The Thai stock exchange encountered more than a few sticking points, following a general downward trend throughout the year and losing half of its January market value by mid-December. The SET, the country's benchmark stock index, hit a 401.84 average for November, its lowest level since 2003. However, the baht has been steadily gaining strength since March 19, when the currency hit an annual low of .31.158 against the dollar.

Some sectors are weathering the domestic and international storms better than others. The real estate market, led by luxury properties, experienced robust growth in the third quarter. The outlook remains relatively positive, with demand being driven by the prospect of rising prices over the next two years.

Similarly, Thailand's automotive sector continues to grow, buoyed by a range of recent measures. The country is aiming to become a regional centre for vehicle manufacturing, with a target production level of 2m units annually by 2010. Last year, some 1.3m were manufactured, and output capacity is growing apace.

One of the latest moves initiated by the government is to promote the production of more fuel-efficient and ecologically friendly vehicles with tax exemptions for producers and lower tax rates for consumers. Lowering the tax burden on manufacturers is expected to help firms meet rising local demand for fuel-efficient vehicles, as Thais look to trim their growing fuel bills.

In a similarly environmentally and economically-conscious move, the government continued to push for energy diversification, in particular towards biofuels, even as oil prices dropped significantly toward the end of the year.

The promotion of ethanol and biodiesel is one of five main tenets of the Ministry of Energy's energy plan revealed last month. It calls for the acceleration of the yet-to-be released 15-year Renewable Energy Development Plan (REDP), as well as full backing for the sector in making ethanol and biodiesel "the energy for Thais."

The overall outlook for the economy was sound mid-year. Following the conclusion of its Article IV consultation with Thailand for 2008 in July, the International Monetary Fund (IMF) described Thailand's economic fundamentals as "favourable". The Directors predicted a return to medium-term growth rates of around 6%, "based on the assumption of a continued macroeconomic stability and higher productivity dividends from investment in infrastructure".

Among the recommendations in the report, the Bank of Thailand (BOT) was advised to monitor its monetary policy stance on an ongoing basis and stand ready to adjust it in response to the domestic inflation outlook. The BOT clearly paid attention to this recommendation, adjusting the rate multiple times over the course of the year.
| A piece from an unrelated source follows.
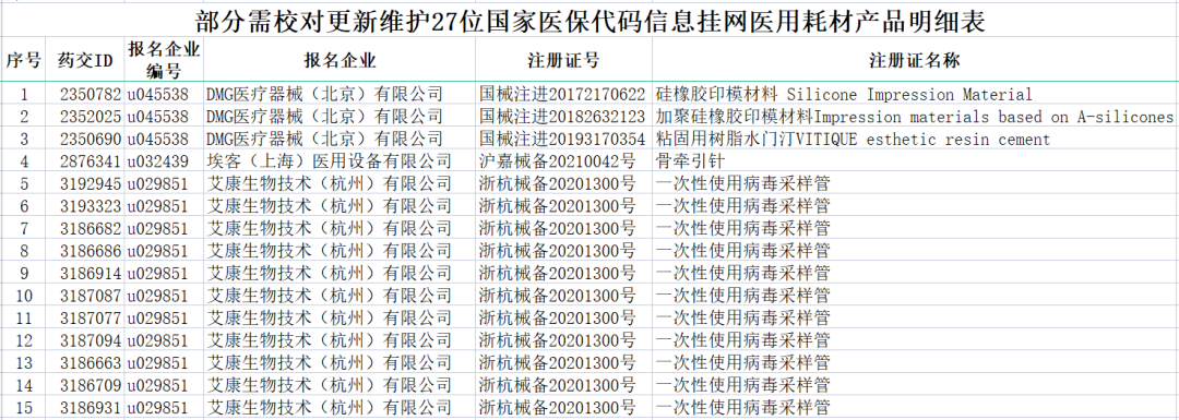 对于企业而言,医保编码的申报、维护工作已成必要环节。7月13日,广东省药品交易中心发布《关于挂网采购医用耗材贯彻落实国家医保耗材标准编码应用工作的通知》(以下简称《通知》)。《通知》明确,2023年7月13日至2023年7月27日,尚未在省平台医用耗材交易系统维护国家医保代码但已通过国家医保信息业务编码标准数据库动态维护平台(以下简称国家医保编码信息平台)动态维护审核的挂网医用耗材,应维护产品对应的20位/27位国家医保代码。根据《通知》,未在省平台医用耗材交易系统维护国家医保代码的医用耗材(国家医保代码尚未覆盖的品类除外),暂不予挂网交易。《通知》指出,已在省平台医用耗材交易系统维护国家医保代码的挂网医用耗材请按照国家医保编码信息平台最新公布或审核通过的国家医保代码自行校对,如有更新的应及时进行更新。属于国家医保代码已覆盖的品类但尚未获得国家医保代码的挂网医用耗材,应尽快按照国家相关文件的要求在国家医保编码信息平台申报国家医保代码,审核通过后及时在省平台进行维护。目前,国家医保编码信息平台正在定期更新,全国多地也在积极推进医保编码的落地工作。对于企业而言,如果不及时按照规定有序申报和维护医保编码,可能会对后续的挂网交易产生影响。7月12日,河北发布《关于常态化开展全品种医用耗材挂网工作的通知》,其中规定,挂网耗材产品范围包括:获得药品监督管理部门注册批准,医疗机构临床需要,属于国家医保医用耗材分类范围,并获得相应代码的医用耗材产品;鼓励通过国家创新医疗器械特别审批程序并获得注册或备案的创新医用耗材在我省申请挂网;河北省医疗服务价格项目内国家未赋码的医用耗材,暂按我省有关要求执行;河北另收费用一次性物品管理目录内的医用耗材,需获得国家医保医用耗材代码才可挂网。7月6日,重庆药品交易所发布《关于进一步做好维护国家医保医用耗材代码工作的通知》。其中规定,国家医保医用耗材代码维护范围为属于国家医保医用耗材分类目录范围,企业已在国家医保局“医保医用耗材分类与代码数据库动态维护”维护且通过公示进入国家医保医用耗材分类与代码数据库的产品。如后续国家医疗保障局公示新批次国家医保医用耗材分类与代码数据信息,此项工作继续进行。重庆药品交易所还特别提示,“请相关企业高度重视,务必确保信息填报及时、准确,编码信息须与医保医用耗材分类与代码数据库保持一致,以免影响后续产品交易”。今年6月,上海阳光医药采购网公布国家医保医用耗材分类代码核对信息(第一批),根据上海此前发布的《关于本市进一步做好国家医保药品及医用耗材分类代码核对工作的提示》,后续国家编码将用于采购、配送、结算等工作。尚无国家医保药品及医用耗材信息业务编码的产品,应按照国家医疗保障局《关于开展医保药品、医用耗材产品信息维护的通知》要求,尽快向国家医疗保障局申报。今年3月,山东省医保局发布《关于加强药品和医用耗材集中带量采购全流程管理的通知》,其中指出,强化医疗保障信息业务编码标准在招采业务领域的落地应用,推进医疗机构、生产企业、产品信息等基础信息的全业务流程贯通,带码入库、带码使用、带码结算,实现编码标准“纵向全贯通、横向全覆盖”,进一步提升招采业务信息化标准化水平。湖北省明确,3月1日起,湖北省药械集采平台将设置“无医保分类代码产品目录”,未及时维护医保分类代码的挂网产品将从挂网目录中移除。耗材医保编码的大范围落地,将彻底改变医用耗材监管环境,数据信息的汇总也将带来更加精细化的耗材管理。中国医药物资协会医疗器械分会秘书长陈红彦近期对人民日报健康客户端记者表示,“现行耗材注册批件中规格型号种类繁多、数量庞大,甚至同一个批件下有几万个品规,难以进行有效管理,医用耗材正进一步加强‘一品一码’的实行,有助于全国耗材统一管理局面的形成,将会有效改善行业混乱无序、效率低下、资源浪费等乱象。”上述人士分析,以前很多医用耗材由于规格、类型的不同,医保部门在采购的时候,会出现价格虚高的情况,尤其是一些“僵尸”产品及交易量小的产品,很难把控准确的价格,现在“一品一码”对产品的信息监测、价格改革、使用规范、流通治理的标准化,对于集采提供了非常可靠的基础数据支持。国家医保局副局长李滔此前指出,统一医用耗材分类和编码对促进医保精细化管理,特别是治理高值医用耗材有着重要的基础性作用。通过统一分类和编码实现各地、各医疗机构之间数据的互认,推动高值医用耗材在地区间、医疗机构间的数据比较,信息公开透明。此外,可以强化对生产流通使用各个环节的监督管理,促进各部门联动共同做好监管。可以实现国家和各省市之间高值医用耗材的数据互通,开展大数据分析运用,提高治理能力,也可以大大减轻企业在各地招标采购环节重复报送产品信息的压力和负担。今年5月,国家医保局发布《关于做好基本医疗保险医用耗材支付管理有关工作的通知(征求意见稿)》,其中明确,各省要扎实推进国家医保医用耗材代码应用,及时按照国家医保局制定的医用耗材分类与代码数据库做好更新,提高医用耗材代码应用的准确性、规范性,实现医用耗材带码采购、

For the first half of the year, the policy interest rate held steady at 3.25%, though in July the Monetary Policy Committee (MPC) of the BOT raised it by 25 basis percentage points (bpp), followed by another 25bpp hike in August. At its final meeting of 2008, on December 3, the MPC cut a full percentage point, down to 2.75% - the largest cut in eight years.
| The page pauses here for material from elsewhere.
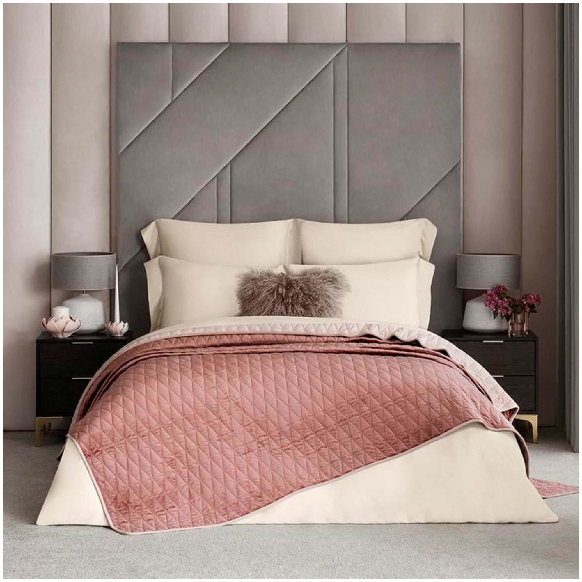 В ткани двустороннего бархатного покрывала «Моретто» мягкие волокна инновационного материала SENSOTEX® сочетаются с прочным и практичным полиэстером.Шелковистые волокна SENSOTEX®, полученные из переработанных побегов австралийского эвкалипта, делают материал мягким, нежным, тактильно приятным. Полиэфирные волокна в ткани добавляют покрывалу прочности и продлевают срок его службы, а также препятствуют деформации изделия. Такая ткань не боится солнечных лучей и не теряет яркости красок спустя долгое время.«Моретто» – однотонное стеганое бархатное покрывало, нежное на ощупь, с легким блеском. Геометрическая ромбовидная стежка дополнительно подчеркивает красоту ткани. Эта модель двусторонняя, можно менять оттенок по своему настроению, создавая более светлый интерьерный образ или наполняя спальню насыщенным кораллово-розовым цветом. Удивительно нежные оттенки розового, дополненные мягкой красотой бархата, делают «Моретто» женственным и изящным. Такое покрывало станет украшением женской спальни.

While the BOT has demonstrated its willingness to tighten monetary policy when necessary, the government has proposed a $1.4bn package of targeted tax cuts and social payments in keeping with its mandate to boost growth and tackle poverty.

On October 26, Deputy Prime Minister Olarn Chaipravat unveiled an economic stimulus package, pledging $35.78bn to stimulate growth and prevent an economic crisis. One of the key aims of the new deal is to prevent companies defaulting on their loans, which would undermine banks' balance sheets and risk shaking confidence in the banking sector, which has become one of the stronger sectors in the Thai economy.

The BOT expects growth to shrink to 3.8-5% next year, compared to 4.3%-5% in 2008, while the FTI estimates a narrower band of 3.8%-4% for 2009. The FTI has also issued a warning that 1m Thai jobs could be at risk next year.

As Thailand moves into 2009, observers can expect to see the continued aftershocks of this year's political earthquake as the government emerges in a new form. Following a year of political and economic strife, the country should see a return to a more stable business environment.